Und auch diese Frage kommt auf den designierten Präsidenten zu: Soll Trump auf dem Rechtsweg zur Rechenschaft gezogen werden? Wenn ja, wie? Sollen Ermittlungen zu seinen Geschäftspraktiken vor und während der Zeit im Weißen Haus anlaufen? Trumps Anwalt Michael Cohen war 2018 wegen Steuerbetrugs im Zusammenhang mit Schweigegeld zu drei Jahren Haft verurteilt worden. Laut Staatsanwaltschaft handelte er „in Koordination mit und auf Anweisung von Individual 1“ – dem Präsidenten.
Obamas Schatten
Biden hält anscheinend nicht viel von Ermittlungen. Es wäre „sehr ungewöhnlich und vermutlich ... nicht sehr gut für die Demokratie“, über strafrechtliche Verfolgungen ehemaliger Präsidenten zu sprechen, hat Biden im August bei einem Interview gesagt. Eliten kommen in den USA gewöhnlich davon. Barack Obama hat sich nicht mit der Folter unter der Regierung von George W. Bush befassen wollen: Er wollte nach vorn blicken. Der Ex-Präsident hat – inmitten der Debatte um die Zukunft – seine Autobiografie A Promised Land vorgelegt (Lesen Sie Seite 28) und war mit Exklusivinterviews auf Promotour zwischen Markus Lanz und Oprah Winfrey. Es tat der bildungsbürgerlichen Seele gut, Sätze zu lesen mit mehr Gewicht als bei Trumps Meetings üblich.

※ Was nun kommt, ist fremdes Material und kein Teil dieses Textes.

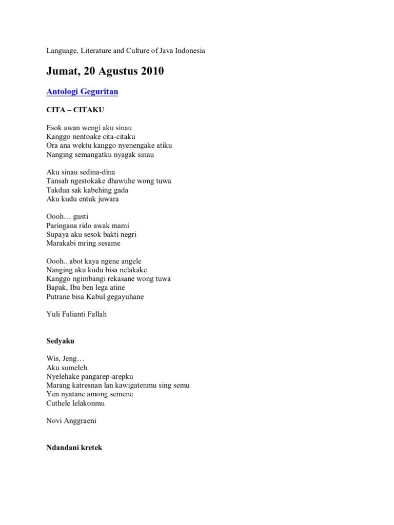 Play this game to review other. Megatruh senjawan budiyanto ibu saka lemah pangulandaran kene Dari geguritan dan lirik lagu campursari menurutnya hampir sama. Geguritan bekti marang ibu, kagem ibu, amanat lengkap. 4.3.2 pamilihing tembung sajrone geguritan layang kagem ibu.
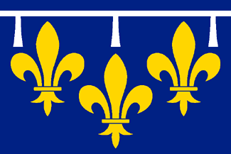 The flag of Orléanais is a banner of the arms D'azur aux trois fleurs de lis d'or surmontées d'un lambel d'argent (Azure three fleurs de lis or a label of three points argent, assigned to the province by Jacques Meurgey in his Notice historique sur les blasons des anciennes provinces de France (Historical note on the coats of arms of the ancient French provinces, 1941).
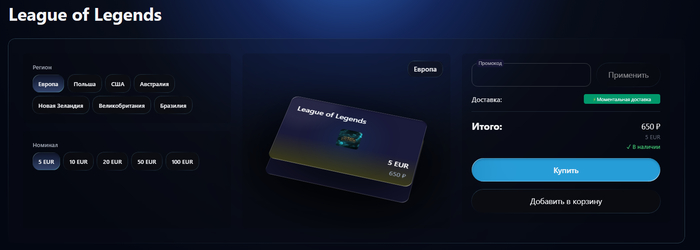 Регион League of Legends влияет на способы оплаты и работу кодов. Перед покупкой убедитесь, что выбранный способ или номинал подходит именно под ваш аккаунт.
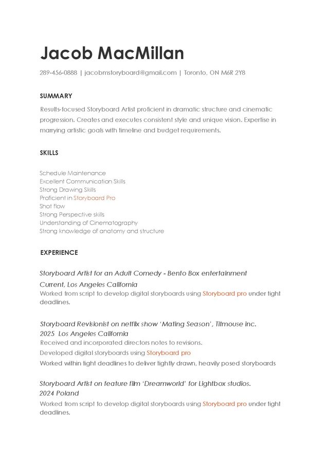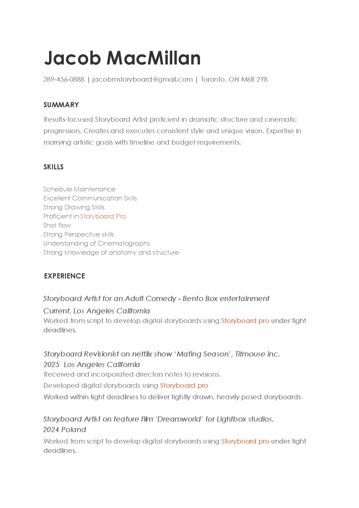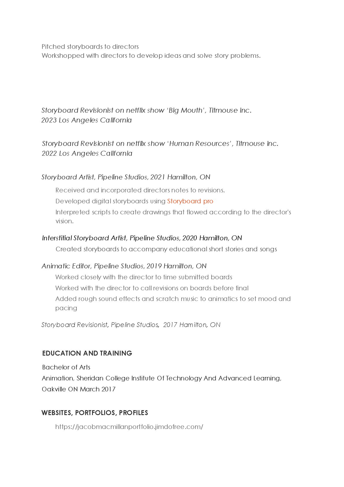 develop ideas and solve story problems. Storyboard Revisionist on netflix show ‘Big Mouth’, Titmouse inc. 2023 Los Angeles California Storyboard Revisionist on netflix show ‘Human Resources’, Titmouse inc. 2022 Los Angeles California Storyboard Artist, Pipeline Studios, 2021 Hamilton, ON Received and incorporated directors notes to revisions. Developed digital storyboards using Storyboard pro Interpreted scripts to create drawings that flowed according to the director's vision. Interstitial Storyboard Artist, Pipeline Studios, 2020 Hamilton, ON Created storyboards to accompany educational short stories and songs Animatic Editor, Pipeline Studios, 2019 Hamilton, ON Worked closely with the director to time submitted boards Worked with the director to call revisions on boards before final Added rough sound effects and scratch music to animatics to set mood and pacing Storyboard Revisionist, Pipeline Studios, 2017 Hamilton, ON EDUCATION AND TRAINING Bachelor of Arts Animation, Sheridan College Institute Of Technology And Advanced Learning, Oakville ON March 2017 WEBSITES, PORTFOLIOS, PROFILES https://jacobmacmillanportfolio.jimdofree.com/
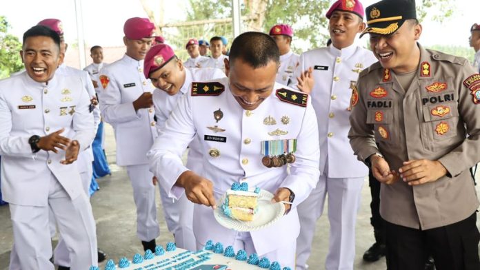 Bursakota.co.id, Kepri – Untuk meningkatkan sinergitas dan soliditas antara TNI-Polri, Kapolres Lingga AKBP Fadli Agus,S.I.K., M.H memberikan kejutan Kepada Danlanal Dabo Singkep Letkol Laut Faruq Dedy Subiantoro, M.Tr,. Opsla. dalam rangka memperingati Hari Ulang Tahun (HUT) TNI-AL Ke 77 Tahun 2022 di Mako Lanal Dabo Singkep Kabupaten Lingga, Senin (12/09/2022).

Obama wirft einen Schatten auf Biden. Er glaubt an das gelobte Land, die Besonderheit der USA, der man noch nicht gerecht werde. Seine Politik stand für Realismus in den Farben der USA. Er hat dies im Gespräch mit dem Magazin The Atlantic erläutert. Bei Kompromissen habe er seine Mitarbeiter gefragt: Wir kriegen nicht alles, aber ist das hier besser? Und wenn ja, dann sei das Bessere gut. „Besser“ sei nicht grundsätzlich schlecht. Donald Trump heizt Verwirrung an und klammert sich ans Amt mit Lügen. Es geht ihm um die Marke Trump, die Delegitimierung von Biden und die Festigung einer trumpistisch-rechten Bewegung. Abgeordnete, Senatoren und Millionen Trump-Wähler, die nicht an Bidens Sieg „glauben“ wollen, haben kein Interesse an Kompromissen. Sich nur auf „Besseres“ zu verlassen, genügt da wohl nicht.